TASK OBJECTIVE: Reproduce, exactly and in full, only the lines below from the one containing "К празднику мам" through the one containing "In this project, I".

TASK DATA:
>>>>
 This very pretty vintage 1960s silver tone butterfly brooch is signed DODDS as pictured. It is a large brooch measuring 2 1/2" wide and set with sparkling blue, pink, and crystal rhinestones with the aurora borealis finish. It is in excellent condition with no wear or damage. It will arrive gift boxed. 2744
<<<<
>>>>
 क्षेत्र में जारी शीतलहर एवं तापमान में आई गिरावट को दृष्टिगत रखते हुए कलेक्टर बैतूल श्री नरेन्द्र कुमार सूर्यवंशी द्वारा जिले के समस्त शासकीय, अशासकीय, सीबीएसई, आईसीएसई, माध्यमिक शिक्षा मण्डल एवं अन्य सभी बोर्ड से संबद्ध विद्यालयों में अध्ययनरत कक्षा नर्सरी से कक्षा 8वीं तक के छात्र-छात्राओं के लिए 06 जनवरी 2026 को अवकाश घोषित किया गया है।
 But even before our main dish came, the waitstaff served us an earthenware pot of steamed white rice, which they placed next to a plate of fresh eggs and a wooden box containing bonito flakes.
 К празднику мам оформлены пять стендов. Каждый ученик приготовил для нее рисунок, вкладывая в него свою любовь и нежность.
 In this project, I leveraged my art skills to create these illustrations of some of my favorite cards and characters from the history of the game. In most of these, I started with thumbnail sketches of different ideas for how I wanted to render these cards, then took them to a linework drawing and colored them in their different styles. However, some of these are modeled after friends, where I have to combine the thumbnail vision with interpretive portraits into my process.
<<<<
EXERCISE ANSWER:
 К празднику мам оформлены пять стендов. Каждый ученик приготовил для нее рисунок, вкладывая в него свою любовь и нежность.
 In this project, I leveraged my art skills to create these illustrations of some of my favorite cards and characters from the history of the game. In most of these, I started with thumbnail sketches of different ideas for how I wanted to render these cards, then took them to a linework drawing and colored them in their different styles. However, some of these are modeled after friends, where I have to combine the thumbnail vision with interpretive portraits into my process.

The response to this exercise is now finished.